AI is a critical element of many modern video games, enabling non-player allies and opponents to intelligently move and act in response to player actions. But as games have become more complex—incorporating increasingly true-to-life physics, intricate game mechanics, and high player expectations of non-player intelligence—AI has struggled to keep pace with those more authentic worlds and behaviors. This problem is particularly acute for games like the Gran Turismo series, a racing game series that bills itself as a “realistic driving simulator” and which is the best-selling PlayStation-branded game franchise. Now, Sony and Polyphony Digital (developer of the Gran Turismo series) have revealed “Sophy,” a sophisticated AI trained with deep reinforcement learning that, after two years of practice, is able to best the world’s most skilled human Gran Turismo drivers.

What’s So Tough About Video Game Racing?

Gran Turismo poses particular difficulty for AI agents relative to something like, say, Mario Kart.

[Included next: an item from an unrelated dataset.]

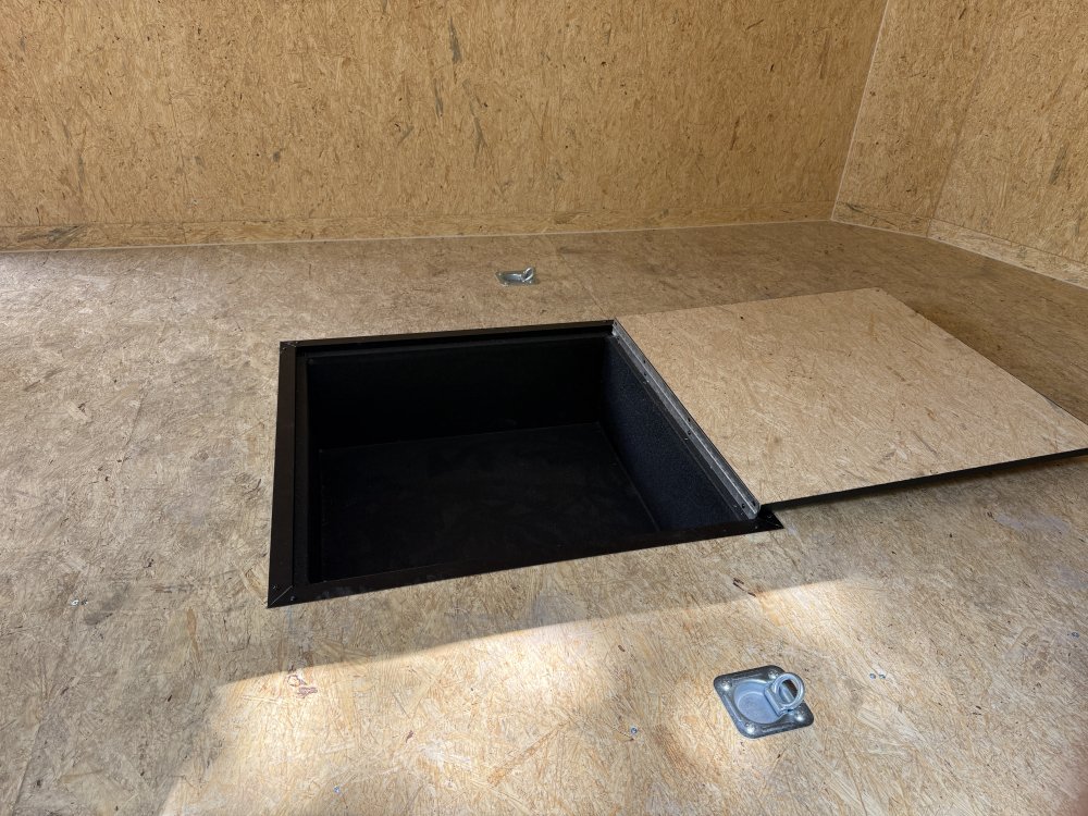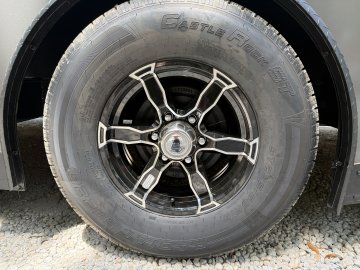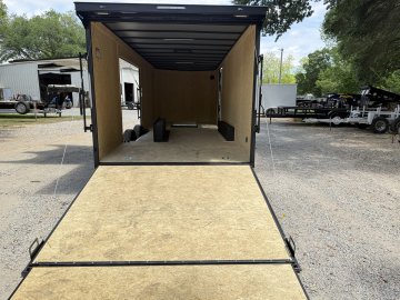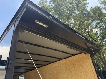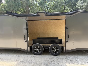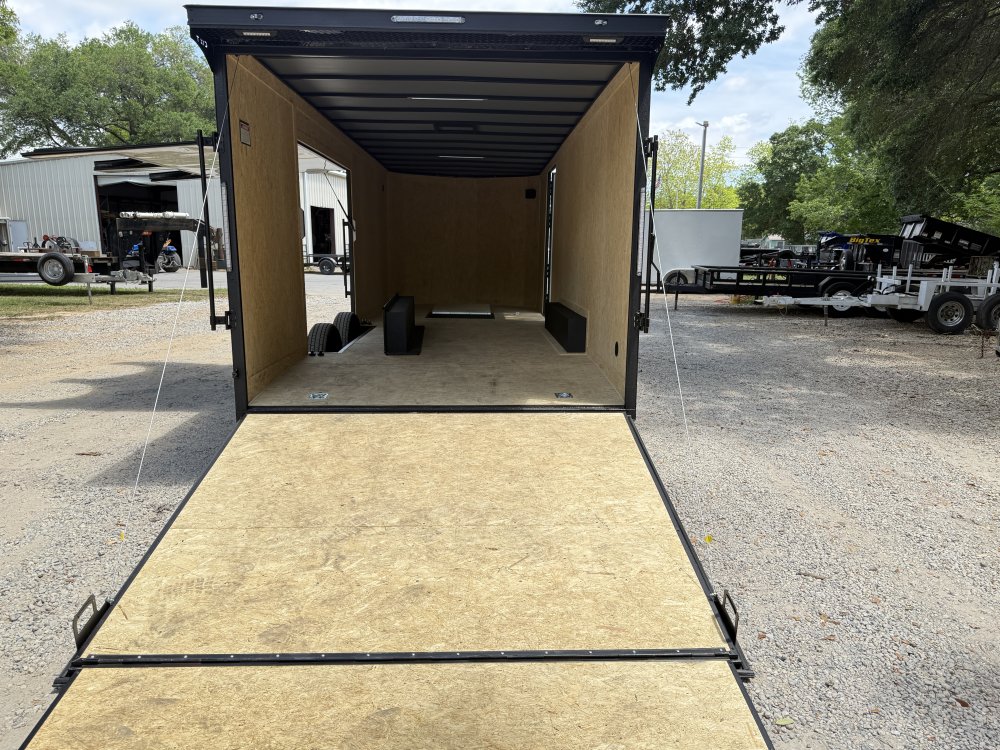 6" Additional Height; 5200# Torsion Axles; Spoiler - Includes 2 - 15" White Down Lights; Spare Tire or Tools Compartment; Round V-Nose; Ultimate Escape Door; Split Axle; Black Gold Package; 235/80R16 Black Liger Tires; Polycore Charcoal Exterior; Ramp Door

In Gran Turismo, the precise physics of real-world driving are meticulously reproduced, from basic object interactions to road conditions to car and tire types. This creates problems for Gran Turismo AI that closely mirror the problems one would face if designing an AI to race in the real world.

“Racing is essentially trying to drive cars at the edge of control or just beyond,” explained Michael Spranger, COO of Sony AI, which is a wholly owned subsidiary of Sony. “Estimating braking points, finding the best line, searching for grip on the track to maximize speed and control are by itself very interesting machine learning problems, but racing means that you are not alone on the track. Other drivers impact the dynamics of the car through drafting effects that can help reach speeds higher than the actual top-speed of the car. But they can also drastically increase the braking distance due to reduced down force.”

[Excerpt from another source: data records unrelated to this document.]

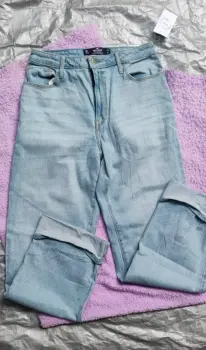 Pantalon boyfriend, tiro alto, mezclilla azul claro, American eagle, Talla 9.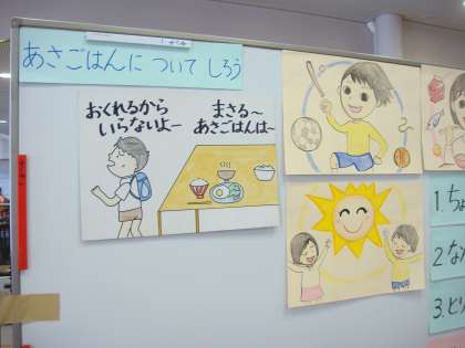 給食前に「朝ごはん」について学習しました。
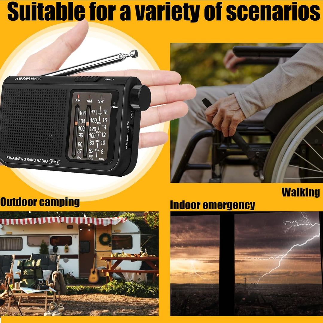 - Der AM/FM/SW-3-Band-Frequenzempfänger akzeptiert mehr Sender; Hervorragender Empfang; da die starke Signalempfangsfunktion problemlos Musik; Nachrichten und andere Radiosender hören kann; unabhängig von Land; Region oder Umgebung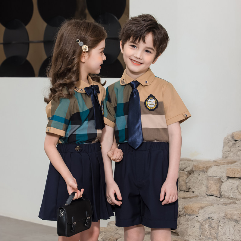 2022 new summer dress kindergarten uniform elementary school students school uniform graduation season six one performance clothing high-end British style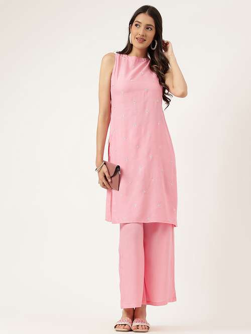 - » women embroidered sleeveless kurta palazzo set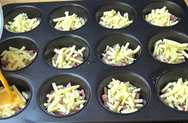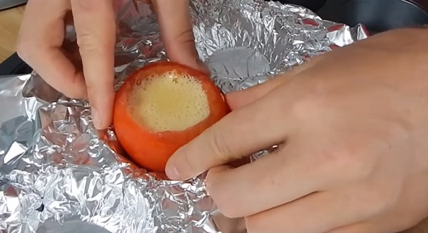 3. Coloca los tomates en moldes para hacer pasteles, cubriéndolos con papel de aluminio. Hornéalos a una temperatura de 220-230°C, hasta que los huevos estén cocidos (aproximadamente unos 20 minutos).

Then, he said, there are the tactical problems: finding lines on the track to pass opponents, taking into account their opponents’ likely reactions. Racers also need to adhere to rules vis-a-vis skidding off the track and collisions (for which individual players might receive time penalties if they are found to have been at fault). Spranger said these are “imprecisely defined … [and] difficult to encode[.]” Finally, he said, there is a concept of fair play in racing—collisions shouldn’t be used as a tool to win races, but that principle has to be weighed against a level of aggression that is necessary to win races at all. “Finding the right balance is a real challenge,” he said.

And the AI has to make those constant, real-time decisions for the entire duration of a race.

Developing Sophy

The project began in April 2020, when Sony AI was established with the aim “to accelerate the fundamental research and development of AI and enhance human imagination and creativity, particularly in the realm of entertainment.” From the outset, Sony AI worked with Polyphony Digital in its development of the AI driver.

“We trained GT Sophy using a new deep RL algorithm we call quantile regression soft actor-critic (QR-SAC),” the Sony AI researchers explained in a paper, which made the cover of Nature. “This approach learns a policy (actor) that selects an action on the basis of the agent’s observations and a value function (critic) that estimates the future rewards of each possible action. … The agent was given a progress reward for the speed with which it advanced around the track and penalties if it went out of bounds, hit a wall or lost traction. These shaping rewards allowed the agent to quickly receive positive feedback for staying on the track and driving fast.”

Image courtesy of Sony.

But Sophy didn’t start out as a good driver—in fact, Sony said that at first, the AI could barely keep straight on the track. Over time, though, the AI was able to learn which combinations of track curvature, speed, wheel rotation, and other variables led to better outcomes. “Notably, GT Sophy learned to get around the track in only a few hours and learned to be faster than 95% of the humans in our reference dataset,” the researchers wrote.

This process was iterated across many thousands of simulations. These simulations were run on Sony-owned hardware that is typically used for cloud gaming (wherein users play games by accessing an extremely low-latency datacenter, rather than running the games on local hardware).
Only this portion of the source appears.